When I start analyzing a company, I always ask myself a series of questions.
Two of the most important are:
Which companies are in the peer group?
What makes this company different or unique from its peers?
It’s useful to understand a company’s peers for several reasons including to assess how the market values companies in a particular industry and what are considered normal earnings or cash flow multiples. In addition, it’s often possible to track trends across multiple companies in the same, or related, industry groups providing useful information for assessing relative growth prospects.
The second question is crucial to understanding the relative performance of different stocks in the same industry group.
Halliburton Company (NYSE:HAL) is one of the largest diversified oil service companies in the world. HAL is not a producer – the company doesn’t produce and sell oil or gas – rather, it provides crucial services and equipment needed to explore for and produce hydrocarbons.
Put in a different way, when a company like Exxon Mobil Corporation (XOM) or EOG Resources, Inc. (EOG) spends money – capital spending (CAPEX) – on drilling new wells or developing new oil and gas projects, much of that spending represents revenues for the oil services companies.
In HAL’s case, its largest peers – competitors in the oil services market – are Schlumberger Limited (SLB), the company formerly known as Schlumberger, and Baker Hughes Company (BKR). The biggest differentiating factor between HAL and its two largest competitors is that HAL derives a much larger share of its revenues from North America.
Per Bloomberg, HAL derived 45.6% of its 2023 revenues in North America compared to around 20% for SLB and 26% for BKR. That’s crucial in the oil services business because it means HAL has far more leverage in the production of oil and gas from shale fields in the US and Canada than its large-cap peers. Indeed, within North America, HAL’s main competitors are much smaller firms such as ProFrac Holding Corp. (ACDC).

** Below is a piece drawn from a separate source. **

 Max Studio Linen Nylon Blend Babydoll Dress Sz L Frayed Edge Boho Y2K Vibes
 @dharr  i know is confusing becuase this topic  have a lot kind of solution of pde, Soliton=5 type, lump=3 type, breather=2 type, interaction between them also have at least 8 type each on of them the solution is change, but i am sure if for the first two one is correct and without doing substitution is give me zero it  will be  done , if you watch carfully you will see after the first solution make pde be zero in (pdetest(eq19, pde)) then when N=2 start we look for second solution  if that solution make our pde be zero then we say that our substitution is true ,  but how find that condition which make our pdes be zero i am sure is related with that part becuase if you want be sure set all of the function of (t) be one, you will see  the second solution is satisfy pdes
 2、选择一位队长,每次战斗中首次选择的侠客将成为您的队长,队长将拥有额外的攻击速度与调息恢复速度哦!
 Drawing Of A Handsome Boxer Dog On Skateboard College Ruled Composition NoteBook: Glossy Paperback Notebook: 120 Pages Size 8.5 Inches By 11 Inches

In this article, I’ll explain why the shale business is in the midst of a historic transformation that’s related to the recent wave of mergers & acquisitions (M&A) activity we’ve seen among producers in the region. I’ll also outline why I believe HAL has a significant competitive advantage over smaller oil service rivals in the region and how that could ultimately drive the stock higher towards my 12-month price target in the upper $40s, a more than 20% premium to the current quote.
Finally, while HAL has significant long-term advantages, I’m rating the stock a “Hold” for now because it faces two near-term headwinds that look likely to limit appreciation potential through the middle of this year.
Let’s start with this:
Shale: From Growth to Profitability
It’s useful to divide the global oil services industry into two pieces by geography: North America and International.

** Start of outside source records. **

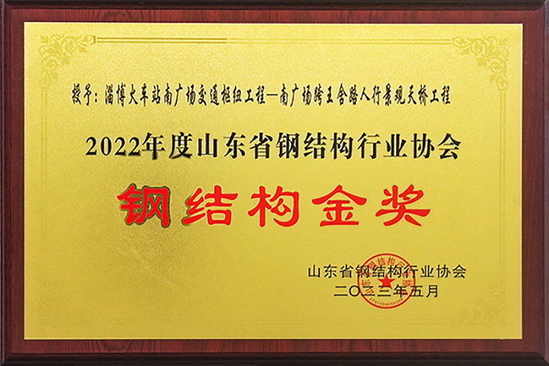 6月16—18日在環(huán)渤海地區(qū)鋼結(jié)構(gòu)行業(yè)發(fā)展峰會(huì)暨山東省鋼結(jié)構(gòu)行業(yè)協(xié)會(huì)年會(huì)上,山東經(jīng)典重工集團(tuán)股份有限公司承建的淄博火車站南廣場(chǎng)交通樞紐工程——南廣場(chǎng)跨王舍路人行景觀天橋工程榮獲2022年度山東省鋼結(jié)構(gòu)協(xié)會(huì)鋼結(jié)構(gòu)金獎(jiǎng)。
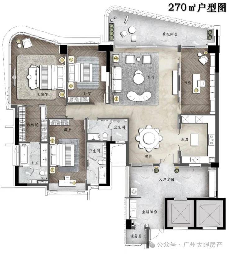 ⑥星级主卧套房,配备衣帽间及四分离卫生间
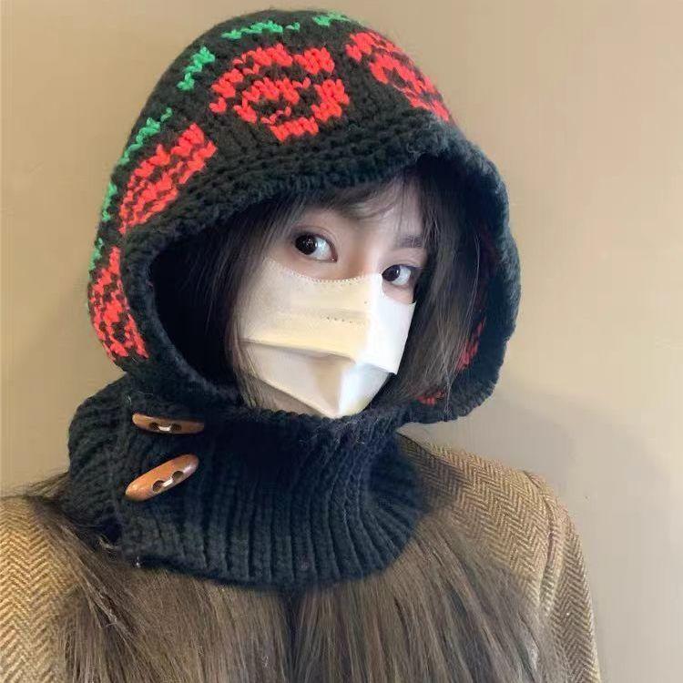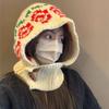 Вязаная балаклава с цветами в корейском стиле для женщин, зимняя теплая шерстяная шапка, грелка для шеи, защита ушей, интегрированная шапка-бини
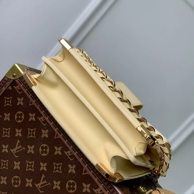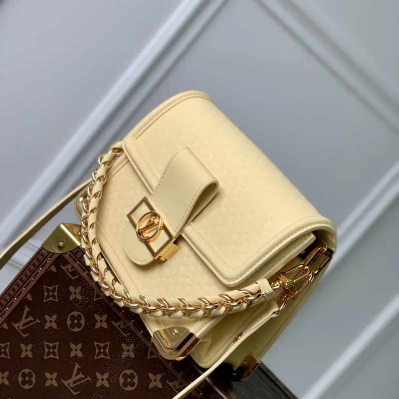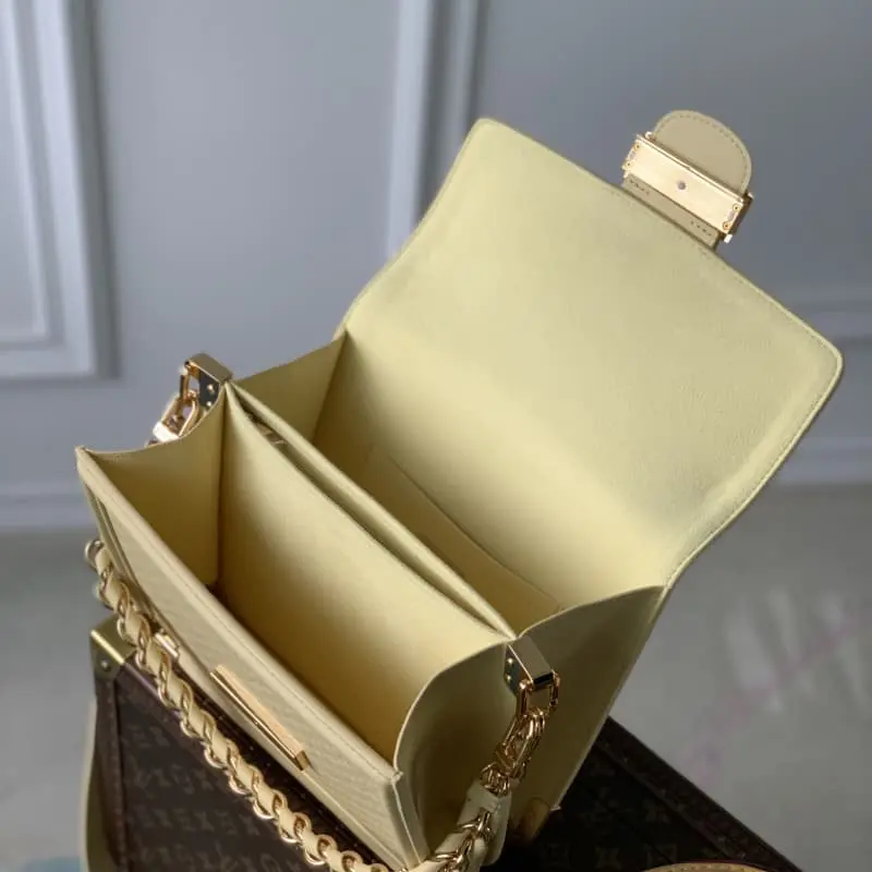 M22276 Yellow This Dauphine medium handbag is made of soft cowhide leather. The new mini version of the Monogram embossing creates a soft contrast with the body of the bag. The two inner compartments and the detachable braided leather chain strap are practical and suitable for daily carrying. The metal shiny corners and sharp brackets show Lbag’s box-making DNA. 25.0??17.0x 10.5 cm (length x height x width)
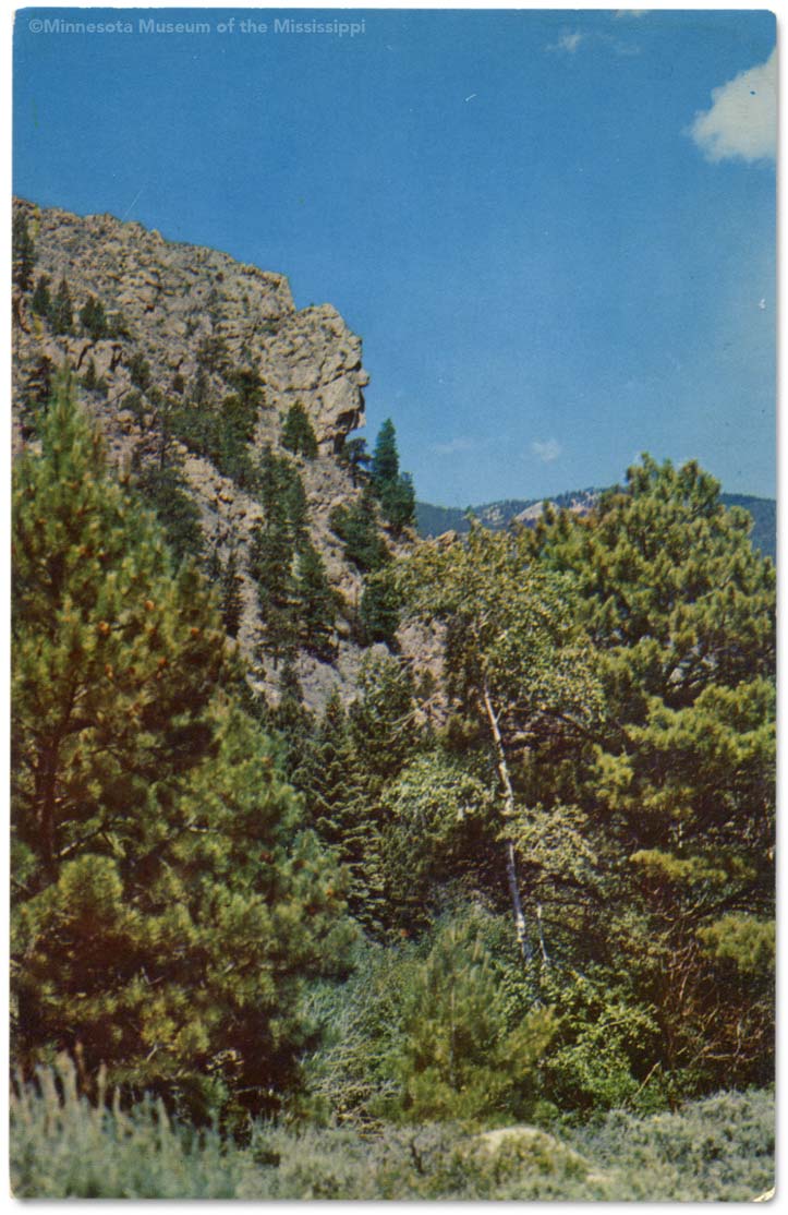 PROFILE ROCK, nicknamed the "Old Man's Face" by the pioneers of valley. Located 43 miles up Poudre Cañon on State Highway No. 14, from Fort Collins, Colorado.
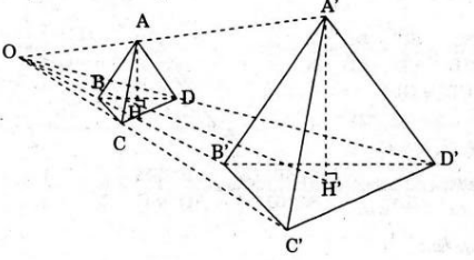 \(\begin{array}{l}\frac{{{V_{A’B’C’D’}}}}{{{V_{ABCD}}}} = \frac{{\frac{1}{3}{S_{B’C’D’}}.A’H’}}{{\frac{1}{3}{S_{BCD}}.AH}}\\ = \frac{{{S_{B’C’D’}}.A’H’}}{{{S_{BCD}}.AH}}\\ = \frac{{\frac{1}{2}B’C’.B’D’\sin \varphi }}{{\frac{1}{2}BC.BD\sin \varphi }}.\frac{{A’H’}}{{AH}}\\ = \frac{{B’C’}}{{BC}}.\frac{{B’D’}}{{BD}}.\frac{{A’H’}}{{AH}}\\ = {\left| k \right|^3}\end{array}\)

The former is dominated by shale drilling and completion activity:
According to the Energy Information Administration (EIA) Drilling Productivity Report, oil production from the Permian Basin alone was roughly 5.98 million bbl/day in January 2024, around 48% of total US oil production. That’s up from just over 18% of oil production in January 2015, less than a decade ago.

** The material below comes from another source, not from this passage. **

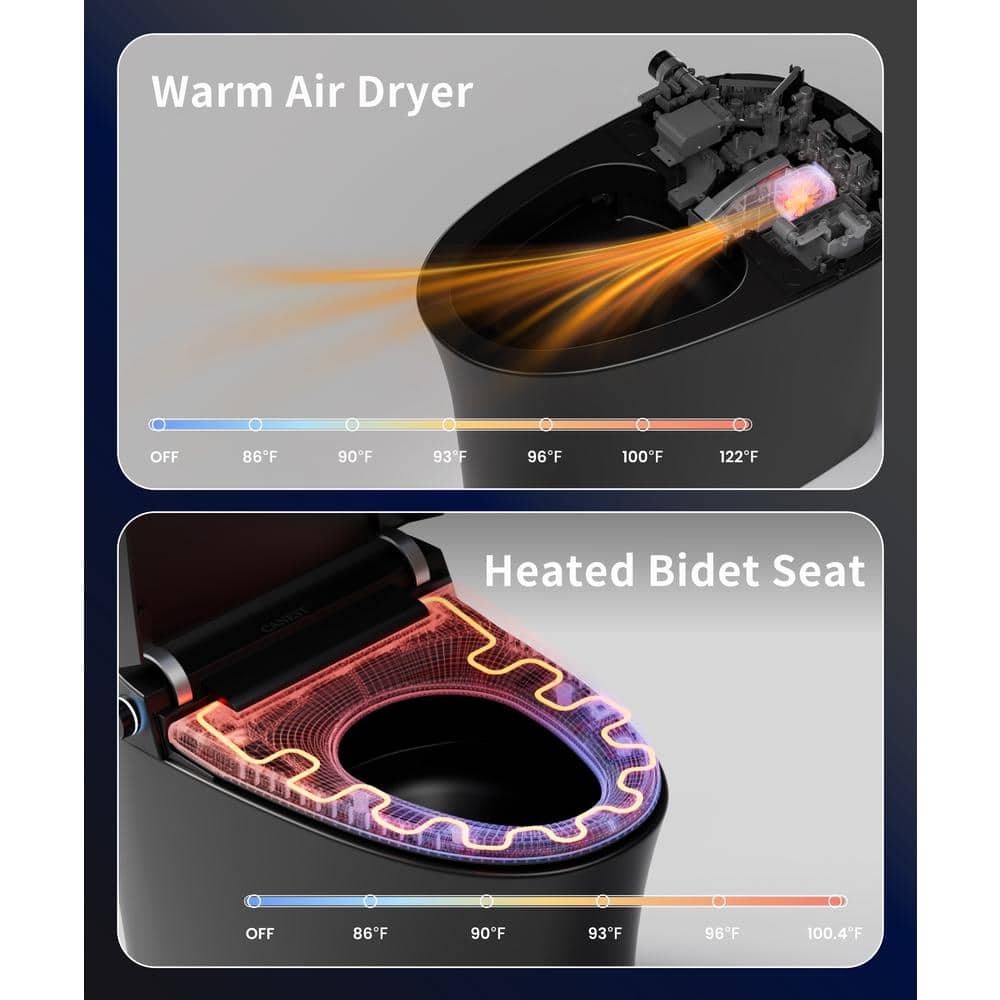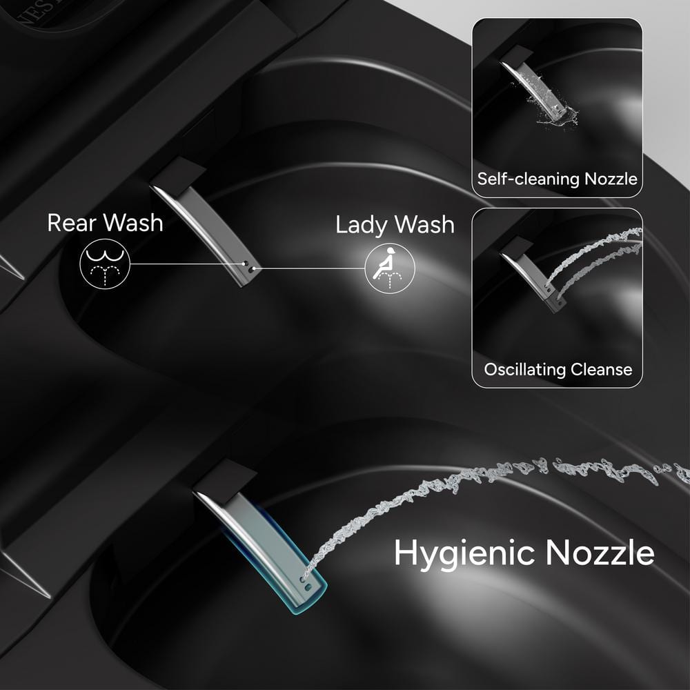 • Comfort & Hygiene: Enjoy the heated seat, warm water bidet, and air dryer for maximum comfort and cleanliness.

And, if we sum up expected oil output in April 2024 from the three largest oil-producing shale regions of the US – the Permian of Texas and New Mexico, the Bakken of North Dakota, and the Eagle Ford in south Texas — the total comes to around 8.6 million bbl/day, a commanding two-thirds share of total US oil output.
A decade ago, in April 2014 the EIA estimated the same three shale regions produced just under 3.9 million bbl/day, around 46% of total US oil output at that time.
Shale is more like a manufacturing business, or an industrial process, than conventional oil and gas exploration and development. That’s because producing more oil or gas from shale is largely a matter of ramping up drilling and completion activity. The term drilling is self-explanatory; for shale producers, completion refers to fracturing a well and putting it into production.
So, from the dawn of the shale boom in the late 2000s up until roughly 2020, shale producers generally chased commodity prices:
Fracturing, often called “pressure pumping” in the industry, is the magic sauce for producing shale.
Oil doesn’t exist naturally underground in some sort of giant lake, nor is natural gas found in an underground cavern. Instead, the hydrocarbons are found trapped in the pores, natural cracks, and fissures of underground rock formations. In a conventional reservoir, those pores and cracks are well-connected (the field has good permeability), so oil and gas can flow naturally into the well powered by geologic pressures.
In shale, however, that’s not the case. So, producers must provide that permeability artificially by pumping fluid (mainly a water-sand mix) into a well under tremendous pressure to physically break up the rock, creating artificial fractures/cracks through the shale. That’s known as hydraulic fracturing.
The sand, known as proppant, is designed to flow into those fractures to keep them open as the pressure is reduced following the fracturing process.
A shale well can’t be produced economically without fracturing. While there are hydrocarbons trapped in the shale, there’s no way for them to flow through the reservoir rock naturally into the well in economic quantities.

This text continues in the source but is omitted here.